James D G Dunn has seen:
“the term ‘Judaism’ (Ioudaismos) first appears in literature in 2 Maccabees (2.21; 8.1; 14.38). These passages clearly indicate the emergence of a self-understanding determined by and expressive of the Maccabean resistance to Syrian oppression. The term itself was evidently coined as a counter to ‘Hellenism’ (hellenismos – 2 Macc. 4.13) and ‘foreignness’ (allophylismos – 2 Macc. 4.13; 6.24). That is to say, for the author of 2 Maccabees, ‘Judaism’ was the summary term for that national and religious identity which was marked from the first by its unyielding insistence on maintaining distinctive and defining Torah practices like circumcision and food laws (1 Macc. 1.60-3; 2-46; 2 Macc. 6).”
Much of religion and politics were inseparable. The Lord’s Prayer is concerned with the strife of the peasants hoping they get enough to eat and to cancel their debts. (“Give us this day our daily bread; and forgive us our trespasses”). John Dominic Crossan tells us that the “Our Father” contains retributive justice like that contained all over the Prophets and Psalms, in his book “The greatest Prayer”. It tells of the kingdom of god that is to come,(“thy Kingdom come… on earth as it is in heaven”), a kingdom that was to be established right here on earth. (Daniel 2:44). “The Lord’s Prayer is … both a revolutionary manifesto and a hymn of hope.” 
The War Scroll (1QM) at Qumran also shows where religion and politics, even that of violence are completely mixed. Gmirkin believes the War Scroll – in part practical, in part eschatological – should be understood against the highly charged historical background of the Maccabean crisis”.  This scroll describes the final battle between the sons of light and and the sons of darkness. This compares to gospel of John:
“Believe in the light while you have the light, so that you may become children of light.” (John 12:36).
When Jesus says “Come, follow me …..and I will make you fishers of men. ‘ At once they left their nets and followed him.” (Matthew 4:18-20). This all sounds very like a military oath of allegiance. As Harnack said, “the word of Jesus that one should leave all for his sake and the confession of faith in him at baptism could be conceived to be similar to a military oath of allegiance. To the extent that the sayings of Jesus were later torn from their historical context” 

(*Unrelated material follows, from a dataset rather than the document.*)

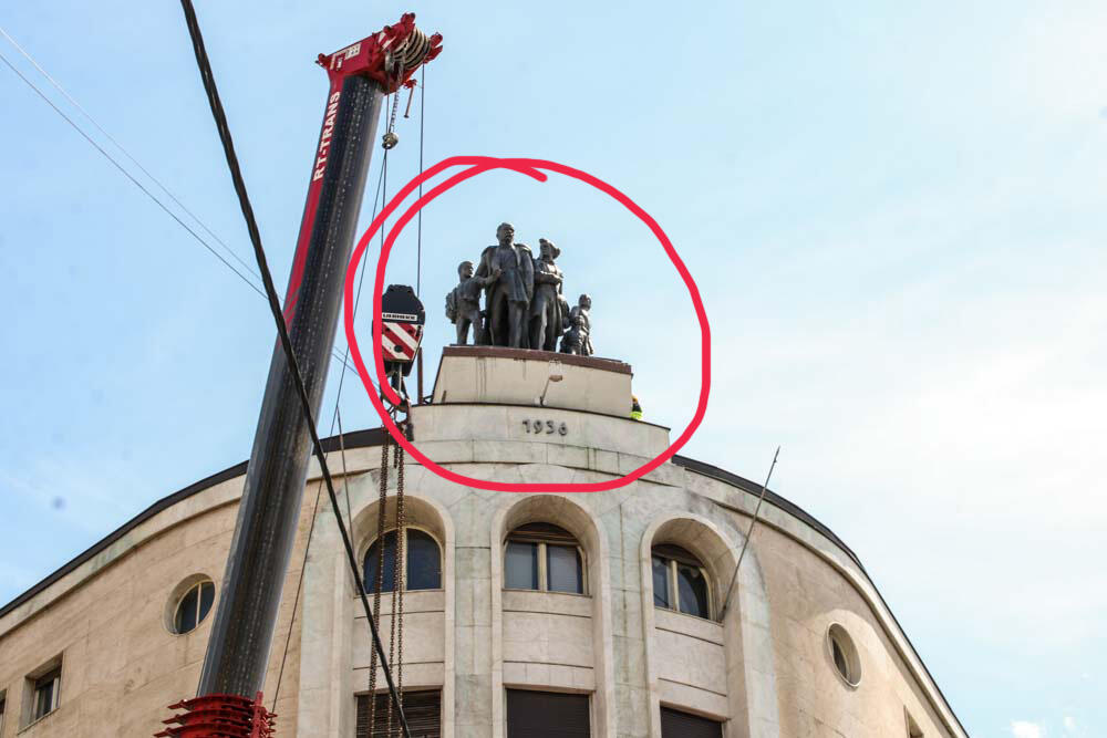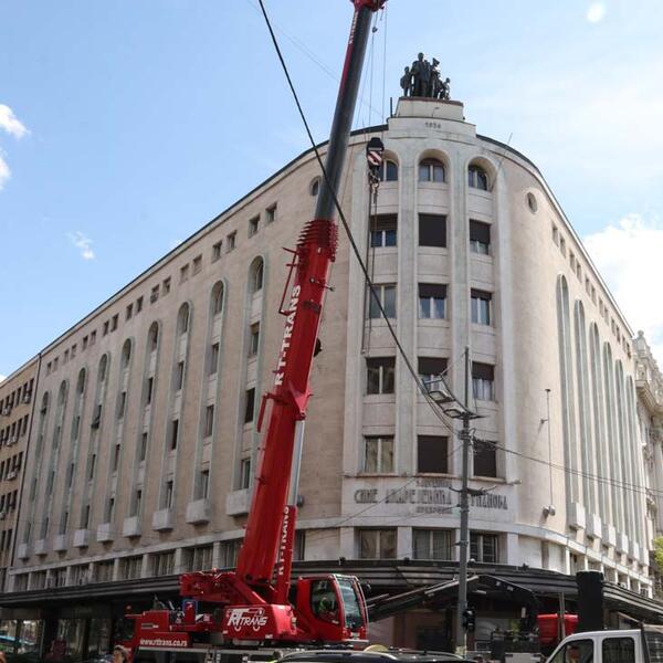 Beograđani su danas u čudu posmatrali scenu na uglu Terazija i Trga Nikole Pašića: kamion, kraj, i veliki spomenik na kojem su predstavljene 4 ljudske figure.
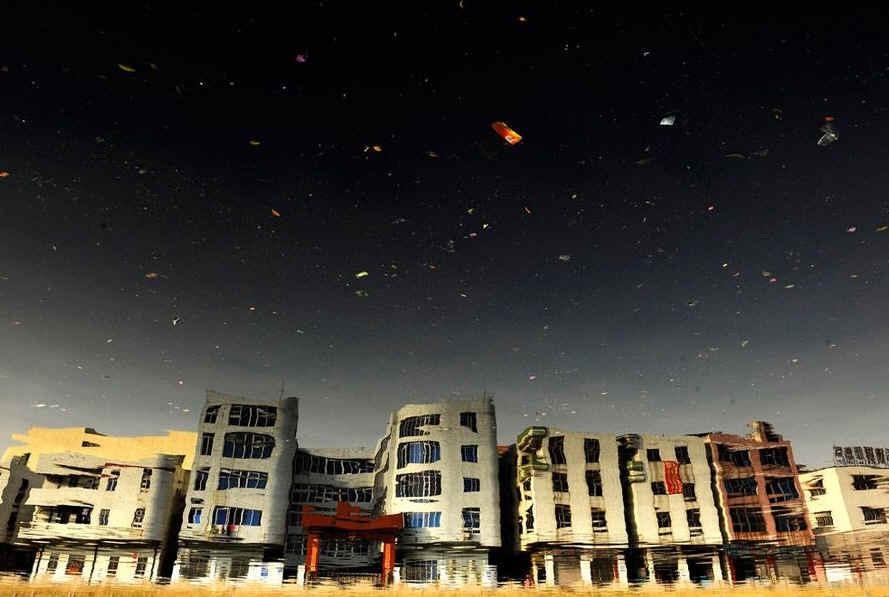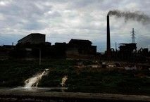 2009年8月21日,在云南曲靖珠江源头,化工厂的烟囱不断冒出浓烟,废水随意排放。

The kiss of Judas is only the dramatic story telling of the gospels. The only dealings the Roman administration would have with a movement like the Jesus movement is through the payment of informers, whether Judas is a literary invention or not – that is what he represents. Paul’s epistles only say on the night Jesus was handed over without naming Judas. (1 Cor. 11:23-25). Tom Dykstra sees Judas used by Mark (Mark being a Paulinist downplays Jesus’ family and the twelve) to emphasize the 12 before Paul were inferior. “The most straightforward interpretation is that the evangelist wanted to place extra heavy emphasis on the fact that Judas was one of the twelve; or, in other words, he wanted to leave no possibility that his hearers would miss the point that one of the twelve betrayed Jesus. The reader must naturally infer that mere membership in the ranks of “the twelve” – or, in the context of a Pauline epistle, mere status as one of “the apostles before me” -should not automatically confer authority on anyone.”

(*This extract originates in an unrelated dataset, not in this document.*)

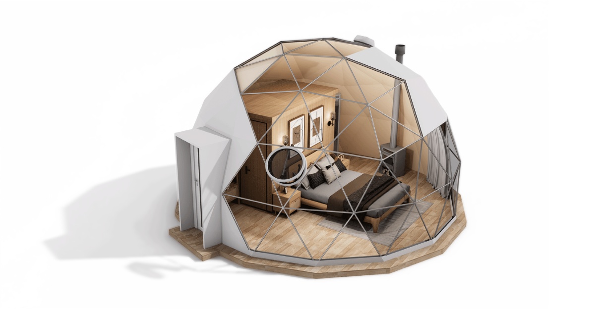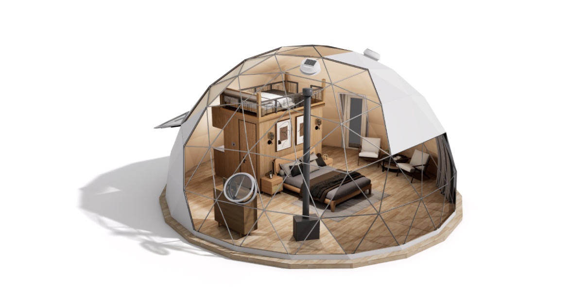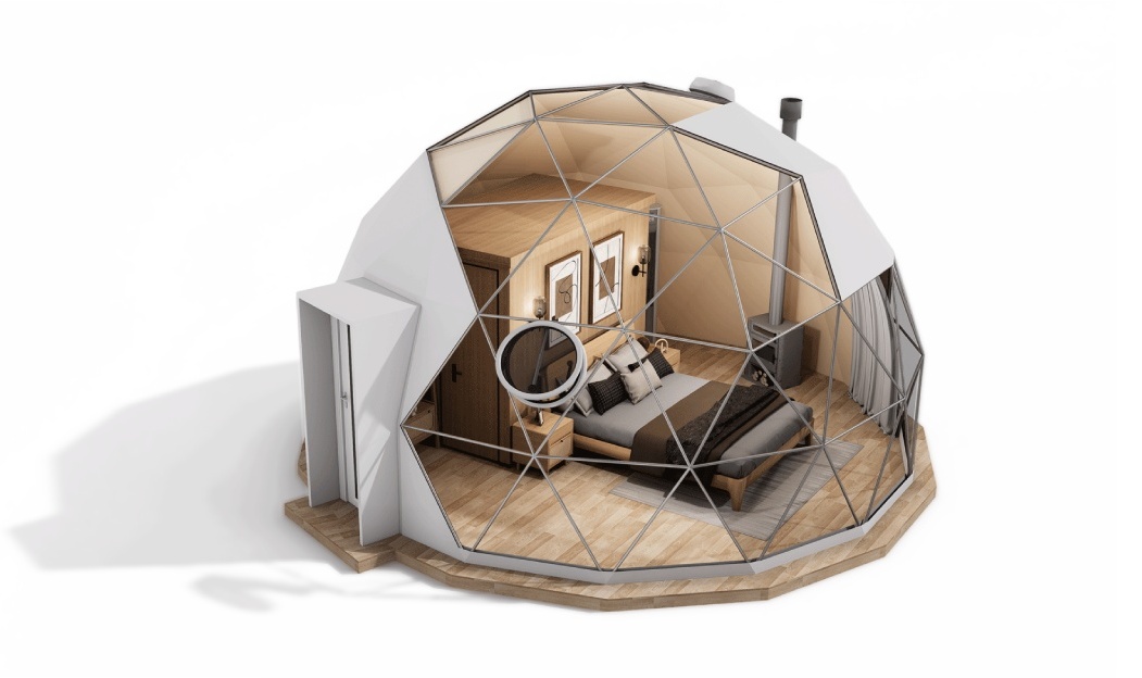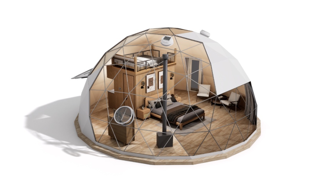 glamping dome tent has an eye-catching and elegant look. it is easy to fully equipped with household facilities, appliances, and kitchenware and can be easily installed everywhere to provide a unique and comfortable living experience.
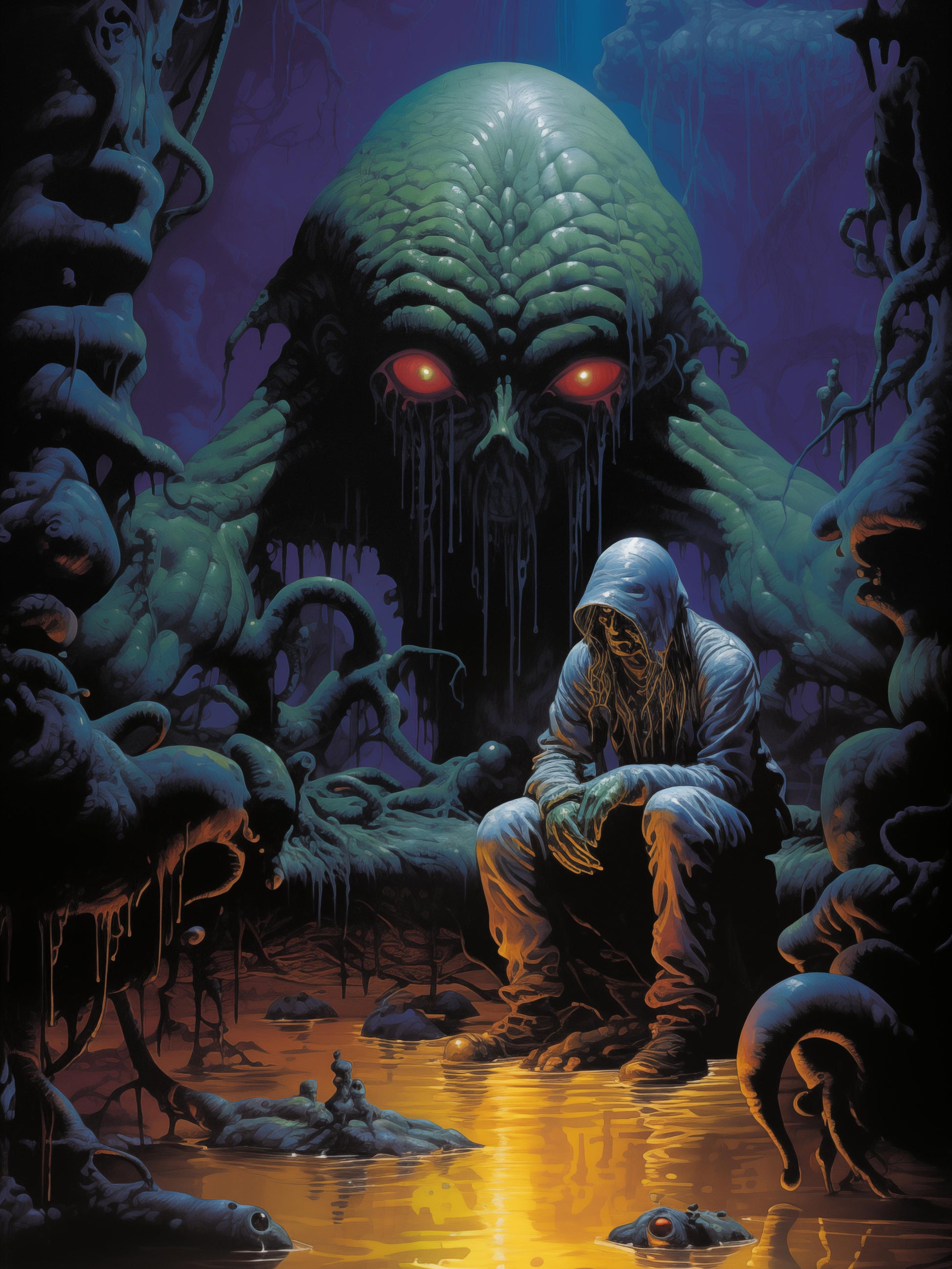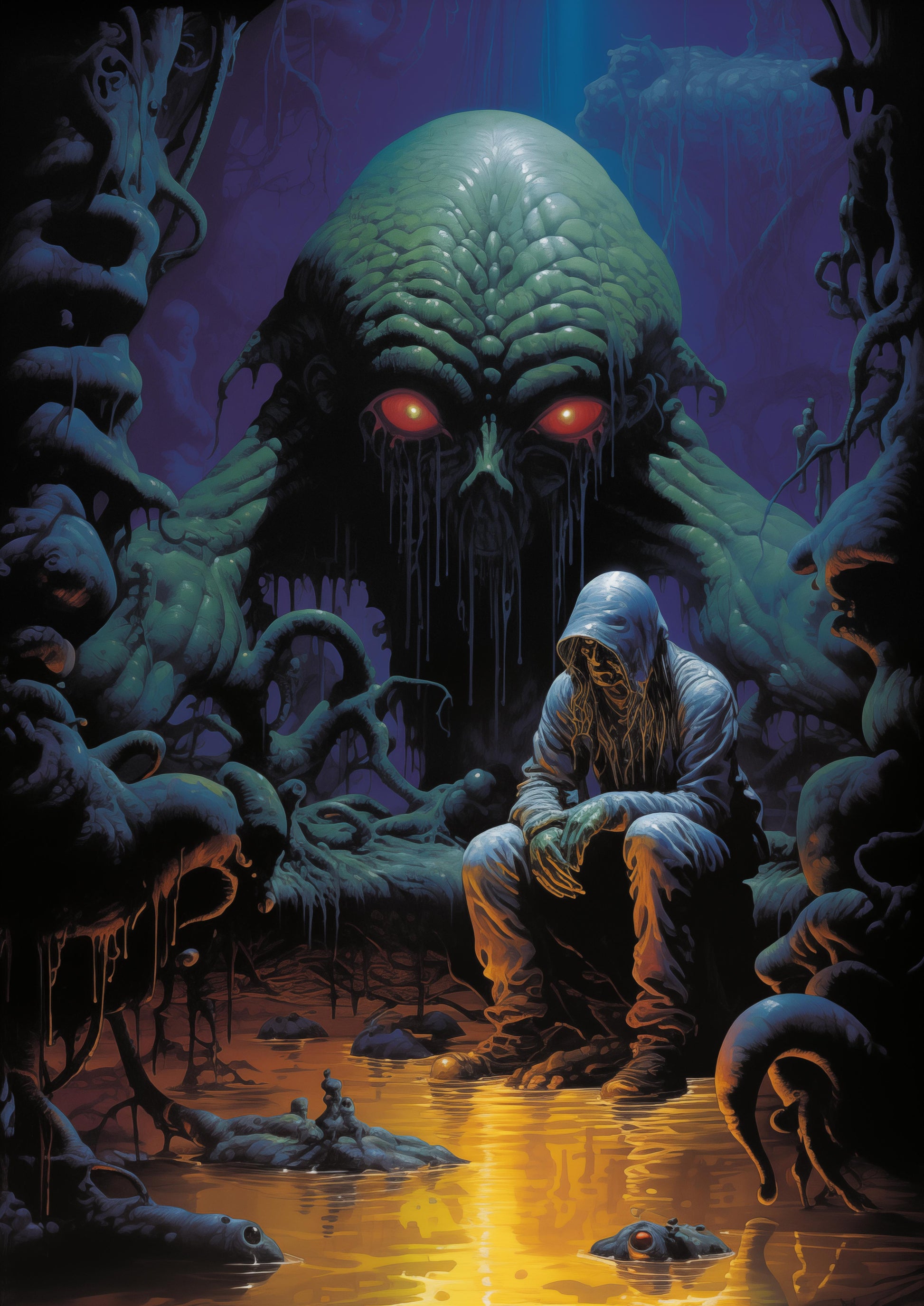 Embark on a cosmic journey with the poster “Intergalactic Intruder“, which is part of the collection Celestial Oddities, inspired by extraterrestrial wonders. Explore bizarre landscapes, encounter unique aliens, and witness futuristic scenes that blend seamlessly with the cosmos. Each poster captures the essence of cosmic exploration, portraying otherworldly scenery and the enigmatic beauty of extraterrestrial realms.

Many scholars today think that Iscariot means man of Kerioth as the “Is” in Hebrew means “ish” in English, implying Judas was Keriothish, (transliteration of Is-Qeriyot). Given there was no village Kerioth at the time of Jesus it is more likely that this is a Greek rendering of the Sicarii, (an assassin group who had small daggers under their clothing on the pretense of a sacrifice), this implying the name meaning “man of the daggers.” Judah Sicarii became Jude Iscariot, then Judas Iscariot – sicarii after their knife (sicae-Latin/ sikkah-Aramaic).  As discussed later, many more disciples had descriptive names associated with the zealots.
The gospels are the opposite of the background they were set in, they were describing a kingdom of god that Jesus was ushering in. A land of milk and honey where everybody gets healed and fed. At the eschaton a messiah will rule a transformed earth, one of non violence and peace, such as the Pax Romana as a result of conquering Empire. (Cf Isaiah 25:6-8 where the Lord will “wipe away the tears from all faces.”)

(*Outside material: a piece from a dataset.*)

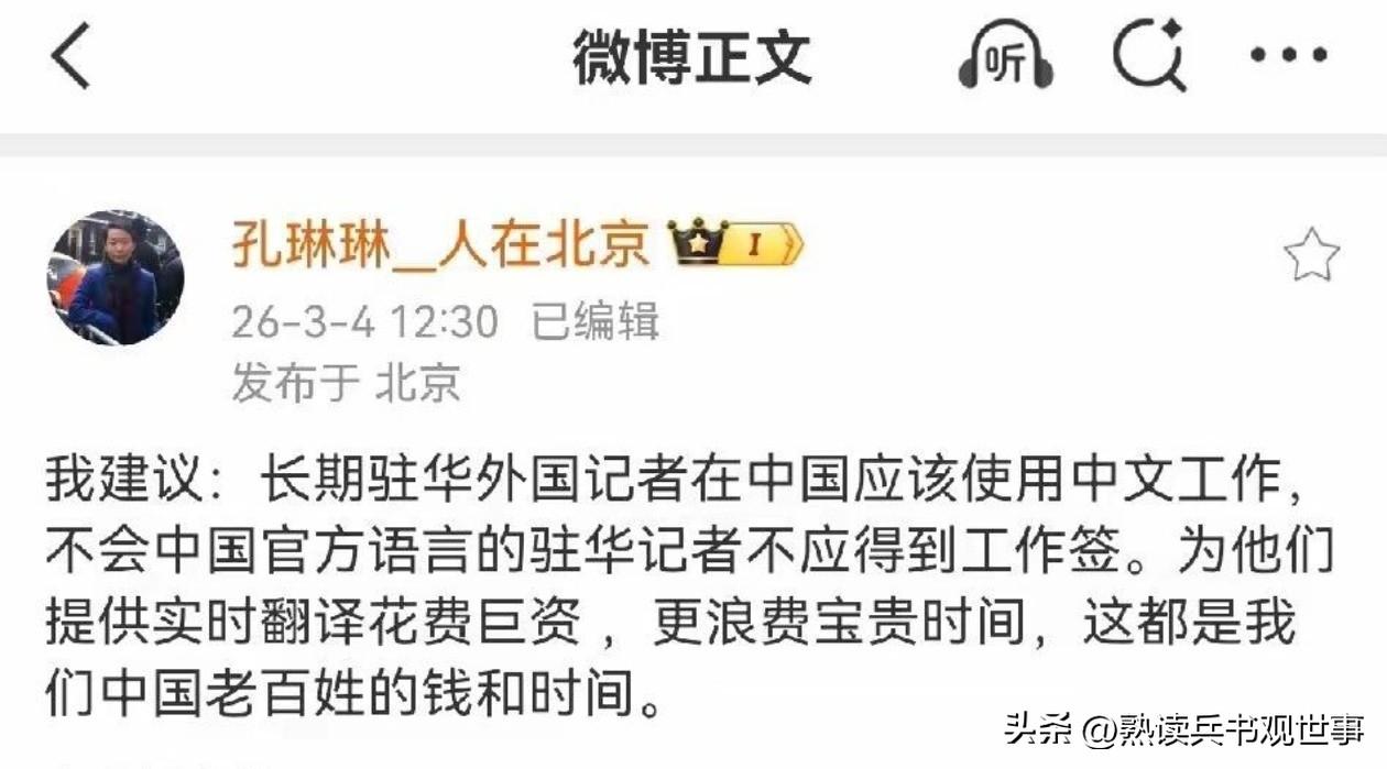 孔琳琳提议,驻华记者工作中应以中文优先,很好的提议,其实现在不光是记者,各行各业想跟中国深度打交道的,都在主动学中文。 这个提议,别说现在,就算以前推行起来也很容易,比如规定驻华记者必须通过高等级的中文考试,取消同声传译,直接发中文通稿。这样一来,既省事,也逼着他们真正去理解中国。 那问题来了:既然这样,为啥我们过去一直花大价钱、费大力气,给外国记者“喂细粮”?我们当然不是冤大头,核心原因是,中文的精妙之处,尤其是外交辞令,必须得精通两种语言和文化的人,才能翻得准。 这是必须承担的,高级语言在翻译中,它就是吃亏的。 举例,英文原句: "I love three things in this world: the sun, the moon, and you." 机器:“我爱这个世界上的三样东西:太阳、月亮,和你。” 信达雅翻译:“浮世万千,吾爱有三:日月与卿。” 这差距,就像菠萝和菠萝蜜,根本不是一个味。 我们外交上的用词字斟句酌,一句话背后可能站着好几层态度。为了保证信息出去的时候不变形、不被曲解,前期多花点精力、多投点资源去精准翻译,是必须的。这钱省不了。 反过来看,像美国那边,发言人说话经常云山雾罩,今天说了明天可能就不认账。白宫工作倒是省事了,反正不用对每个词负责,糊弄过去就行。但我们显然不能这么干。 所以,前期为了准确性和权威性,这个成本得认。不过随着AI越来越强,语料库越来越全,很多翻译难题以后是可以慢慢交给技术去解决的。到那时候,实现“中文优先”就会更顺畅,也更省力。 方向是对的,走着看就行。

John Dominic Crossan in his book God and Empire cannot forgive John of Patmos for describing a warlike Christ in his Great Apocalypse, but Revelation could be describing the earliest realistic layer of Christianity. Crossan commented on Revelation in contrast to the gospels: “The First Coming has Jesus on a donkey making a nonviolent demonstration.The Second Coming has Jesus on a war horse leading a violent attack.”  But the gospels are not only trying to do a bios of Jesus but describe the “kingdom of god” he was ushering in. This meant the sick got healed, the hungry fed and a peaceful background that was all inaugurated by Jesus. In Jewish literature the eschaton involved a transformation of the earth where violence would be transformed into an era of peace. Crossan in the same book uses “the Jewish Sibylline Oracles that date from around 150 years before the time of Jesus”, to demonstrate this point. Firstly he shows the new age will have an abundance:
For the all-bearing earth will give the most excellent unlimited fruit to mortals, of grain, wine, and oil and a delightful drink of sweet honey from heaven, trees, fruit of the top branches, and rich flocks and herds and lambs of sheep and kids of goats. (Sibylline Oracles 3.744–48)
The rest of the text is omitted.